Reputation: 1122
I have dataset which contains comments of people in Persian and Arabic. Some comments contain words like عاااالی
which is not a real word and the right word is actually عالی
. It's like using woooooooow!
instead of WoW!
.
My intention is to find these words and remove all extra alphabets. the only refrence I found is the code below which removes the words with repeated alphabets:
import re
p = re.compile(r'\s*\b(?=[a-z\d]*([a-z\d])\1{3}|\d+\b)[a-z\d]+', re.IGNORECASE)
s = "df\nAll aaaaaab the best 8965\nUS issssss is 123 good \nqqqq qwerty 1 poiks\nlkjh ggggqwe 1234 aqwe iphone5224s"
strs = s.split("\n")
print([p.sub("", x).strip() for x in strs])

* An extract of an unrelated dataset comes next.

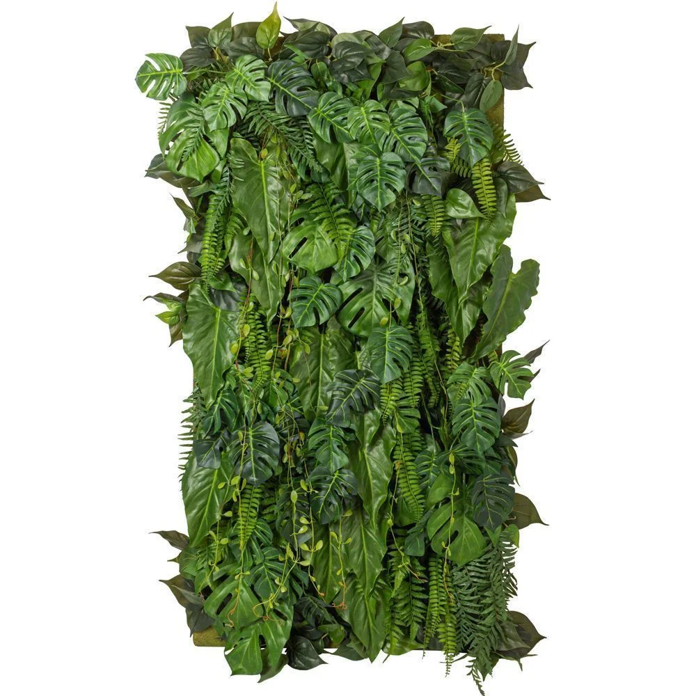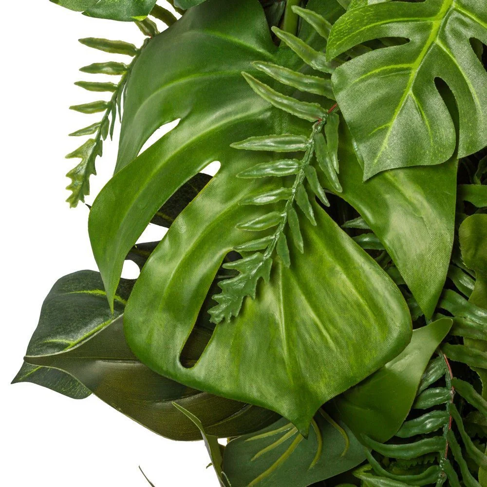 Фитостена, созданная из филодендрона, папоротника и монстеры премиального качества, образует гармоничную композицию, которая станет ярким акцентом в любом интерьере, будь то жилое или коммерческое помещение.

I just need to replace the word with the one that has removed the extra repeated alphabets. you can use this sentence as a test case:
سلاااااام چطووووورین؟ من خیلی گشتم ولی مثل این کیفیت اصلاااااا ندیدممممم.
It has to be like this:
سلام چطورین؟ من خیلی گشتم ولی مثل این کیفیت اصلا ندیدم
please consider that more than 3 repeats are not acceptable.
Upvotes: 1
Views: 43
Reputation: 627327
You may use
re.sub(r'([^\W\d_])\1{2,}', r'\1', s)
It will replace chunks of identical consecutive letters with their single occurrence.
See the regex demo.
Details
([^\W\d_])
- Capturing group 1: any Unicode letter\1{2,}
- two or more repetitions of the same letter that is captured in Group 1.The r'\1'
replacement will only keep a single letter occurrence in the result.
Upvotes: 1